◆ Your goal ◆
In the listing that follows, retype every line from the first through the one containing "OpenLiteSpeedでは、SSLの設定する箇所が2箇所あります。". Pictures are to be left out.

◆ Source records ◆
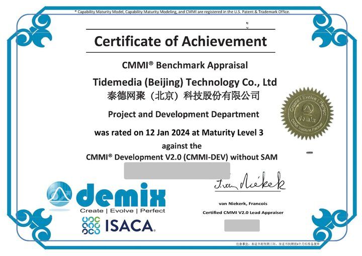 2024年1月,泰德网聚(北京)科技股份有限公司成功取得CMMI(Capability Maturity Model Integration)三级能力认证证书。此项认证彰显了泰德网聚在软件工程和项目管理领域国际化、标准化的卓越综合实,为泰德网聚业务的可持续开展提供了更加坚实的技术保证及全新动能,同时为泰德网聚未来的软件及项目管理体系建设规划提供了明确的指引。
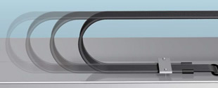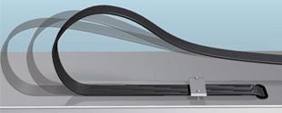 El elemento de soporte, que suprime el rebote y permite longitud de recorrido largo, está integrado en el tubo. El cable y el tubo tienen una estructura plana y soldada, lo que reduce la generación de polvo.
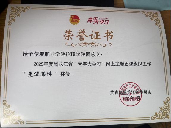 伊春職業(yè)學(xué)院護(hù)理學(xué)院團(tuán)總支榮獲2022年度黑龍江省“青年大學(xué)習(xí)”網(wǎng)上主題團(tuán)課組織工作“先進(jìn)集體”稱號(hào)
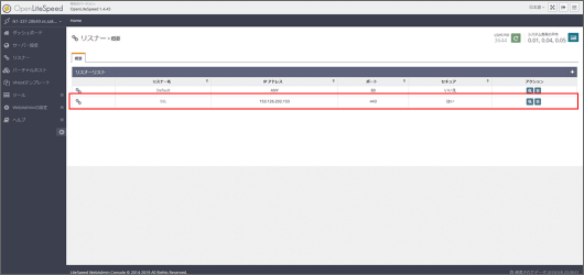 OpenLiteSpeedでは、SSLの設定する箇所が2箇所あります。
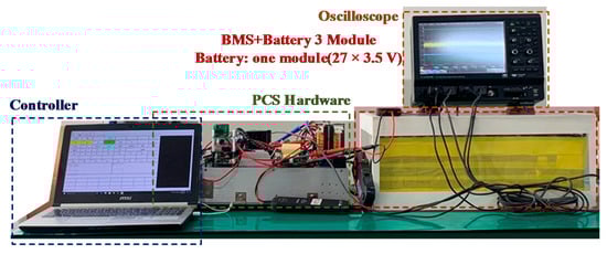 The overall hardware configuration consisted of the PCS (AC/DC converter + DC/DC converter) and controller, and the output side consisted of three modules of lithium-ion battery (one module: 27 × 3.5 V). In addition, for the oscilloscope, a notebook, and WT3000 were used for operation.

◆ Answer section ◆
 2024年1月,泰德网聚(北京)科技股份有限公司成功取得CMMI(Capability Maturity Model Integration)三级能力认证证书。此项认证彰显了泰德网聚在软件工程和项目管理领域国际化、标准化的卓越综合实,为泰德网聚业务的可持续开展提供了更加坚实的技术保证及全新动能,同时为泰德网聚未来的软件及项目管理体系建设规划提供了明确的指引。
 El elemento de soporte, que suprime el rebote y permite longitud de recorrido largo, está integrado en el tubo. El cable y el tubo tienen una estructura plana y soldada, lo que reduce la generación de polvo.
 伊春職業(yè)學(xué)院護(hù)理學(xué)院團(tuán)總支榮獲2022年度黑龍江省“青年大學(xué)習(xí)”網(wǎng)上主題團(tuán)課組織工作“先進(jìn)集體”稱號(hào)
 OpenLiteSpeedでは、SSLの設定する箇所が2箇所あります。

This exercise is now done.